LegalCrystal Citation
SubjectCivil
CourtPunjab and Haryana High Court
Decided On
Case NumberExe. First Appeal No. 39-D/1961
Judge
Reported inAIR1966P& H479
ActsCode of Civil Procedure (CPC) , 1908 - Sections 47 and 96 - Order 43, Rule 1; Provincial Insolvency Act, 1920 - Sections 20, 52 and 75
AppellantFancy Nets Ltd.
RespondentKishan Dass Khia Ram and ors.
Appellant Advocate Sultan Singh, Adv.
Respondent Advocate H.R. Sawtney, Adv.
DispositionAppeal dismissed
Cases ReferredIn Ajodhya Roy v. Hardwar Roy
Excerpt:
.....the said order. - it is well established that the receiver appointed under order 40 rule 1 of the civil procedure code cannot be termed as a representative of the party to the suit. debt like any other property can be attached and sold......attachment before judgment was served on respondent no. 2 on the 20th of january, 1961, while the suit was decreed on 2nd february, 1961. after the transfer of the decree to delhi the appellant filed an execution application for realisation of the attachment amount on 16th february, 1961, and notices were served on respondent no. 2 on the 20th of february., 1961. on 25th february, 1961, the respondent filed objections which were rejected by order dated the 8th of march 1961 and respondent no. 2 was directed to deposit the amount with the executing court. on 21st of january 1961 a petition was filed at delhi for adjudging the judgment-debtor as an insolvent and the said petition was admitted by the insolvency judge on 16th february 1961 on 22nd february 1961 the insolvency court.....
Judgment:

1. This execution first appeal was referred to a Division Bench hi view of the importance of certain questions involved therein.

2. Briefly the facts are that Fancy Nets Ltd. filed a suit for recovery of Rs. 15,000/-against Messrs Kishan Das Khia Ram and obtained an order for attachment before judgment of money belonging to the said Messrs.
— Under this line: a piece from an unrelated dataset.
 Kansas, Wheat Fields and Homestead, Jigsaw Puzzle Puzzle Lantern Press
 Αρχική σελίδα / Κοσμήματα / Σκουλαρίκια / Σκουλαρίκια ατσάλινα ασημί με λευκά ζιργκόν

Kishan Das Khia Ram and lying with Delhi Hindustani Mercantile Association, respondent No. 2. The appellant succeeded in the suit and a decree for a sum of Rs. 15743.65/- nP. against Messrs Kishan Das Khia Ram was passed by the Bombay Court. An application was made for the transfer of this decree to Delhi which was allowed. The order of attachment before judgment was served on respondent No. 2 on the 20th of January, 1961, while the suit was decreed on 2nd February, 1961. After the transfer of the decree to Delhi the appellant filed an execution application for realisation of the attachment amount on 16th February, 1961, and notices were served on respondent No. 2 on the 20th of February., 1961. On 25th February, 1961, the respondent filed objections which were rejected by order dated the 8th of March 1961 and respondent No. 2 was directed to deposit the amount with the executing Court. On 21st of January 1961 a petition was filed at Delhi for adjudging the judgment-debtor as an insolvent and the said petition was admitted by the Insolvency Judge on 16th February 1961 On 22nd February 1961 the Insolvency Court appointed an interim receiver to take into possession all the assets of the debtor with the Delhi Hindustani Mercantile Association, respondent No. 2, and shop No. 5464, Chandni Chowk, Delhi. This appointment was made under Section 20 of the Provincial Insolvency Act On 15th March, 1961, the interim receiver made an application under Section 52 of the Act that the property of the judgment debtor be delivered to him and on 22nd March 1961 the executing Court stayed the execution proceedings against the judgment debtor and directed the respondent No. 2 to pay the attached amount to the interim receiver. It is against this order that the present appeal is directed.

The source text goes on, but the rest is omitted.